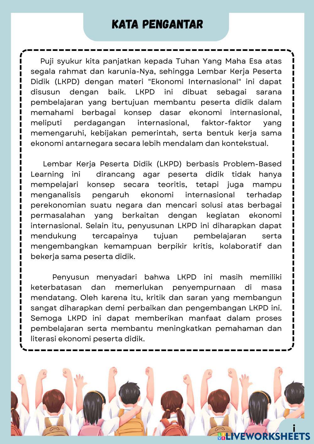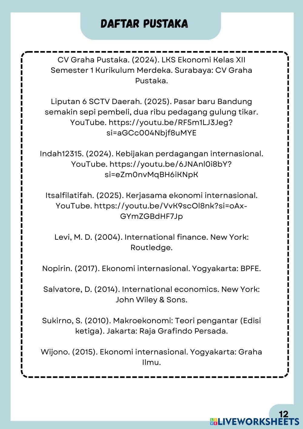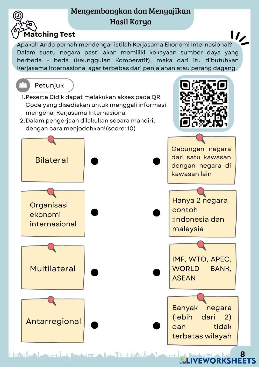 Created by alifalfa ESL Indonesian B1 Writing Indonesian Author's Instructions Kerjakan sesuai arahan My Google Classroom Courses × 0 classes selected (0 students total) Quick Access Select all classes (0 classes) All Classes Loading courses... Cancel Share Share to selected Course __COURSE_NAME__ __STUDENT_NAME__ (__STUDENT_EMAIL__) EKONOMI INTERNASIONAL Download Worksheet Validation Check my answers Emails my answers to my teacher Full name Group/level School subject Teacher's email or key code Close Submit Validating worksheet... (12) Your answers have been sent to your teacher. Good luck! OK We encountered an error submitting your answers. Please try again. OK Advertisement | Go Ad Free Created by alifalfa ESL Indonesian B1 Writing Indonesian Author's Instructions Kerjakan sesuai arahan Explore Worksheets MENYEBUTKAN NAMA ATRIBUT PRAMUKA ESL B1 MENYEBUTKAN NAMA ATRIBUT PRAMUKA Writing - ESL SEBUTKAN DAN COCOKKAN Ulangan Seni Budaya Kelas 7 ESL B1 Ulangan Seni Budaya Kelas 7 Writing - ESL Pilih 1 jawaban dari 1 soal, tidak boleh lebih ASTS BTQ Kelas 7 Genap 25/26 ESL B1 ASTS BTQ Kelas 7 Genap 25/26 Writing - ESL Al-Qoriah LKPD Reproduksi Bakteri ESL B1 LKPD Reproduksi Bakteri Writing - ESL mengetahui proses reproduksi bakteri dan mendeskrisipsikan tahapannya
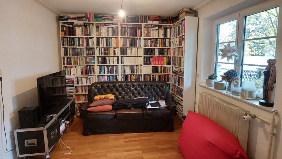 Der angrenzende Bibliotheksbereich erhielt eine neue räumliche Struktur. Ein umlaufendes, raumhohes Bücherregal bildet das gestalterische Herzstück und eine Chaiselounge lädt zum schmökern ein.
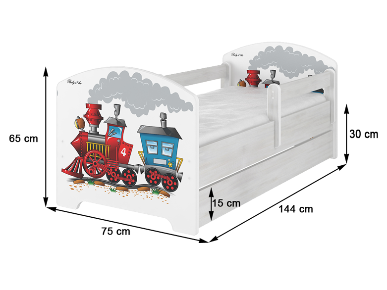 K vytvoření dětské postele OSKAR byly použity vysoce kvalitní MDF desek o tloušťce 16 mm. Postel nadchne klasickým čistým zakulaceným vzhledem s použitím dětských zábran na obou stranách postele, které zajistí bezpečí pro vaše dítě. Motiv na dětské posteli je vyhotoven z ekologických a nezávadných barev, které neohrožují zdraví dítěte. Pevnost a stabilita dětské postele je dána rámem, který je vyrobený z borovicového dřeva. Postel je dodávána včetně šuplíku a bariérek - 1x dlouhá a 1x krátká.
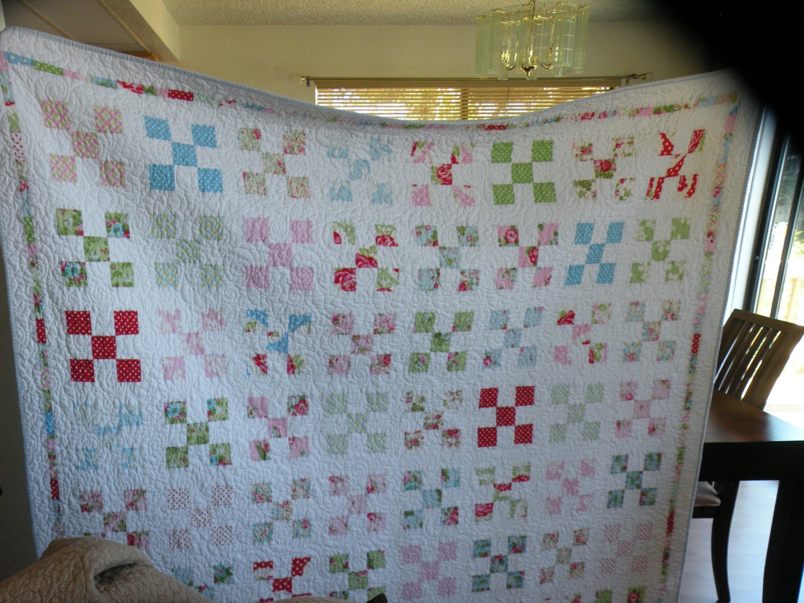 This is another quilt by Terry - she was very, very busy last month! Soft and pretty and I love how some of the blocks seem to fade in and out because of the lighter colored fabrics.
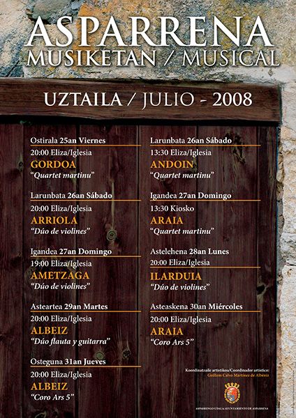 En la primera edición del ciclo de Asparrena Musiketan que se celebró en el año 2008, se dieron nueve conciertos de música de cámara en Gordoa, Albéniz, Andoin, Araia, Ilarduia, Ametzaga y Arriola. En esta primera edición del festival se hizo hincapié en la publicidad, anunciándose en diferentes medios (periódicos y radio).
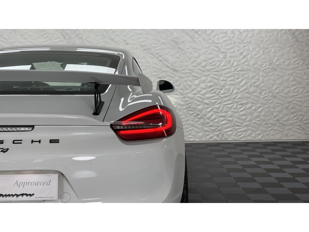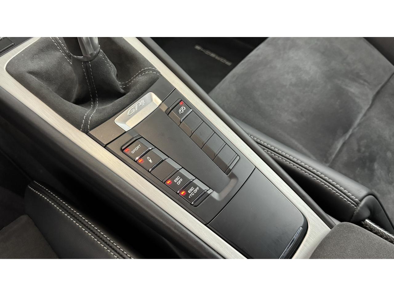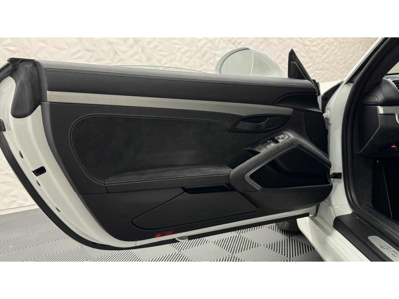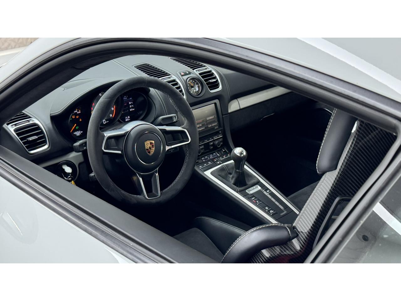 3 instruments ronds intégrés dans le cockpitAffichage analogique : régime, vitesse et jauge de carburantAffichage numérique permanent : kilométrage parcouru, kilométrage quotidien, heure, température extérieure et vitesseAirbags grand volume (deux niveaux de gonflage) pour le conducteur et le passagerAssistant d’éclairage automatique avec éclairage d’accompagnementBoîte à gants verrouillableBoîte manuelle 6 rapports avec volant bi-masse, embrayage à rattrapage automatique d’usureCeintures de sécurité automatiques à 3 points à l'avant, boucles de ceinture sur les siègesCoupé 2 placesDirection assistée électromécanique à démultiplication variableDispositif de contrôle de l'usure des freins sur chaque plaquetteEntrées d'air dans l'habillage des parties latérales arrière avec sideblades et inscription « GT4 » estampéeÉtriers fixes monobloc rouges en aluminium à 6 pistons à l'avant et 4 pistons à l'arrière, disques de freins, ventilés et ajourés avec moyeux en aluminium, diamètre 380 mm à l'avant et à l'arrièreFrein de parking électriqueLève-vitre électrique avec fonction à impulsion haut/bas et abaissement automatique de la vitrePhares Bi-Xénon avec clignotants intégrésSignature « PORSCHE » et inscription « GT4 » en Noir sur bouclier arrièreSystème antidémarrage avec verrouillage centralisé et télécommande, système d’alarmeSystème de contrôle de la pression des pneus (TPM) avec mode CircuitTableau de bord avec compte-tours central, écran TFT couleur haute définition de 4,6 pouces avec affichage des fonctions de l'ordinateur de bord, éclairé en blancTeinte extérieure BlancTouche SPORT avec double débrayageVide-poches dans les portières et à côté du cache-moteurVolant sport GT4 avec couronne de volant en Alcantara module d’airbag en cuir, diamètre du volant de 360 mm, réglable manuellement en hauteur et profondeur
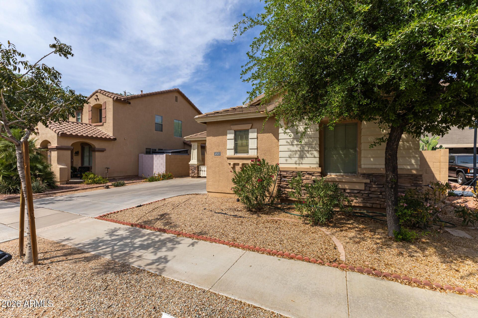 This charming 3-bed + den, 2-bath residence in Gateway Village is the one! A front porch, stone accent details, low-care landscape, and a sided 2-car garage are just the beginning. The inviting interior features a formal living room, abundant natural light, tall ceilings, layered crown molding, and tile flooring in common areas. The eat-in kitchen boasts matching appliances, recessed lighting, a pantry, and French doors to the back. Youll love the double-door den, ideal for an office or extra bedroom! The large carpeted main bedroom has an ensuite with dual sinks & a walk-in closet. Tranquility awaits in the backyard! Featuring a covered patio, artificial turf, & mature trees for refreshing shade. Take advantage of the Community pool, spa, & parks! Make this yours
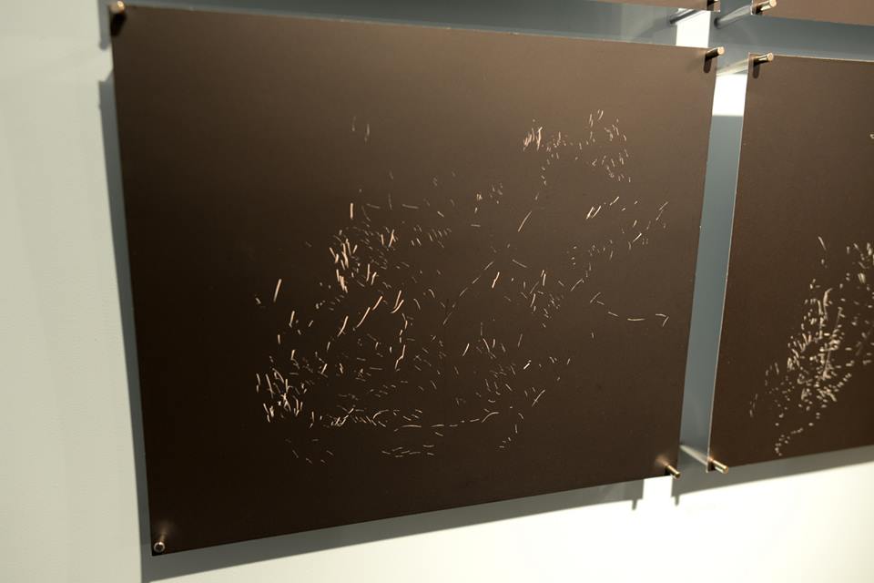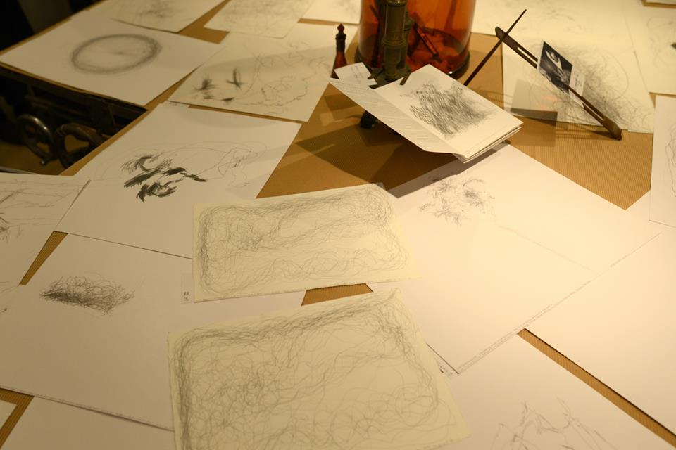 て捉え、手の動きを通して鉛筆の線に変換させるものです。かすかで柔らかな線や何本もの濃い鉛筆で描
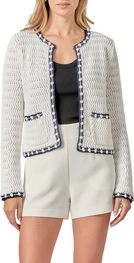 This delicate cardigan is a warm-weather delight in breezy open-work crochet.

■ **HOW TO COMPLETE THIS TASK**: Only the lines from the one containing "This charming 3-bed" through the end of the records above should be retyped, exactly as they stand, with any pictures left out.

■ **YOUR RESPONSE**:
 This charming 3-bed + den, 2-bath residence in Gateway Village is the one! A front porch, stone accent details, low-care landscape, and a sided 2-car garage are just the beginning. The inviting interior features a formal living room, abundant natural light, tall ceilings, layered crown molding, and tile flooring in common areas. The eat-in kitchen boasts matching appliances, recessed lighting, a pantry, and French doors to the back. Youll love the double-door den, ideal for an office or extra bedroom! The large carpeted main bedroom has an ensuite with dual sinks & a walk-in closet. Tranquility awaits in the backyard! Featuring a covered patio, artificial turf, & mature trees for refreshing shade. Take advantage of the Community pool, spa, & parks! Make this yours
 て捉え、手の動きを通して鉛筆の線に変換させるものです。かすかで柔らかな線や何本もの濃い鉛筆で描
 This delicate cardigan is a warm-weather delight in breezy open-work crochet.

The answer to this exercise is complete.